Sotto l’albero natalizio Sogemi, la società che gestisce i mercati agroalimentari all’ ingrosso di Milano, ha trovato 50 milioni, il finanziamento che cercava: ben due le offerte pervenute, una delle quali, firmata Banco- Bpm, considerata assai vantaggiosa.

Un attesa durata anni e necessaria per l’Ortomercato, specie dopo che il Comune diede il via libera alla riqualificazione di via Lombroso, rimandandola però all’arrivo di capitali privati che la finanziassero.

Ora ci siamo, tra qualche mese vedremo finalmente l’avvio dei lavori che dovrebbero concludersi nel 2021.

Il progetto prevede la totale riqualificazione dei vecchi padiglioni, orami degradati, cadenti e inadeguati, che saranno sostituiti da nuovi padiglioni.

Intanto Sogemi ha acquistato i diritti per la mascotte di Expo 2015, Foody, il personaggio creato dalla Disney per l’evento e diventato di proprietà dell’Ortomercato per 50mila euro. Presto il pupazzo fatto di verdure, ispirato ai dipinti dell’Arcimboldi, lo vedremo affisso all’interno dei padiglioni e non solo.

Sarà anche la volta per il “Mercato Ittico Milano”, il nuovo marchio che è stato pensato per valorizzare le eccellenze cittadine del settore e costringere gli operatori a fare squadra, visto che il mercato ittico di Milano è il più importante d’Italia: con 11mila metri quadrati di estensione, 1.300 tesserati e 25 grossisti, ha chiuso il 2018 con oltre 75 milioni di euro di vendite e 100.000 quintali di prodotti commercializzati.




Per l'utilizzo delle immagini scrivere a info@dodecaedrourbano.com

Milanese doc. Appassionato di architettura, urbanistica e arte. Nel 2008, insieme ad altri appassionati di architettura e temi urbani, fonda Urbanfile una sorta di archivio architettonico basato sul contributo del web e che in pochissimo tempo ha saputo ritagliarsi un certo interesse tra i media e le istituzioni. Curatore dal 2013 del blog in questione.


26 thoughts on “Milano | Calvairate – L’Ortomercato pronto alla riqualificazione

  1. Anonimo

    A me l’idea che un mercato ortofrutticolo all’ingrosso debba stare dentro la città, a ridosso della circonvallazione, mi sembra una mezza stupidaggine.
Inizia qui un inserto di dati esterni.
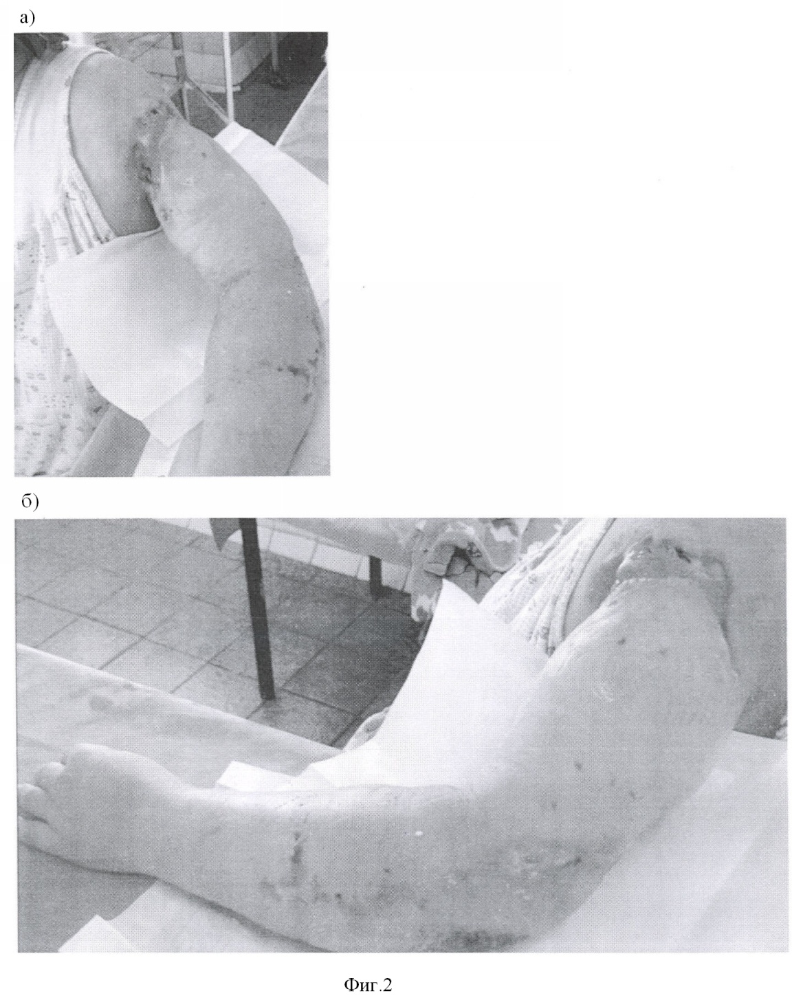 На фиг.2 представлены: а) вид ран спереди на 19-е сутки после вторичной хирургической обработки, (б) вид ран спереди на 19-е сутки после вторичной хирургической обработки.
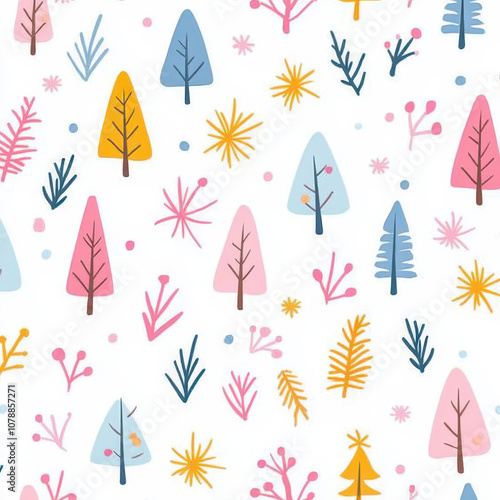 Charming Christmas pattern with whimsical illustrated trees and snowflakes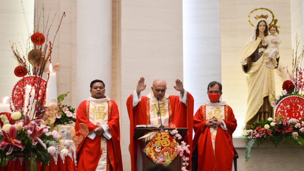 Kebon Dalem – Pada hari Senin, 19 Februari 2024 sore umat Paroki Santo Franciscus Xaverius Kebon Dalem merayakan Misa Imlek. Nuansa merah menghiasi komplek Gereja. Ornamen-ornamen bernuansa Mandarin mendonimasi dekorasi mulai dari jembatan depan, teras, sampai dalam gereja. Lampion-lampion bergantungan menambah maraknya suasana Imlek. Misa Imlek ini dipimpin oleh Romo Yohanes Dwi Harsanto, Pr., Vikep Kategorial, sebagai Selebran Utama. Romo Yohanes Slamet Witokaryono, Pr. dan Romo Estaphanus Gerardus Willem Pau, Pr. sebagai Konselebran.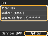 <Opciones de fax>. No obstante, los ajustes realizados desde <Libreta dir.> se habilitarán para las opciones detalladas de destinos registrados en la libreta de direcciones. |

    Evidentemente a chi si occupa di urbanistica sta bene così, però imponiamo che camion e TIR per l’approvvigionamento possano circolare solo di notte e che i furgoncini dei dettaglianti siano obbligatoriamente elettrici, almeno questo.

    1. BLANCO

      Ma tu non hai idea delle dimensioni che ha il mercato ortofrutticolo! È gigantesco fuori Milano non c’è più spazio per una simile struttura!

      1. vittorio tauber

        Fuori da Milano c’è tutto lo spazio che si vuole, basta individuarlo. Sull’area dell’Ortomercato ci starebbe benissimo una Cascina Merlata Plus II, con fermata Suburbane a Zama.

        1. BLANCO

          vittorio tauber nel mondo delle favole c’è tutto lo spazio che si vuole.
          Dimmi una zona di tali dimensioni disponibile nei pressi di MIlano??

        2. Sandro Pocci

          Vittorio Tablet, un’area grossa come quella dell’ortomercato non è facile da trovare, per via dei numerosi limiti di ogni location.
          A Cascina Merlata sarebbe impossibile

    2. Joe

      Il pesce arriva per via aerea a Milano alle prime luci dell’alba. Obbligare i mezzi a effettuare movimentazioni notturne non ha senso, dato che movimenterebbero pesce già vecchio.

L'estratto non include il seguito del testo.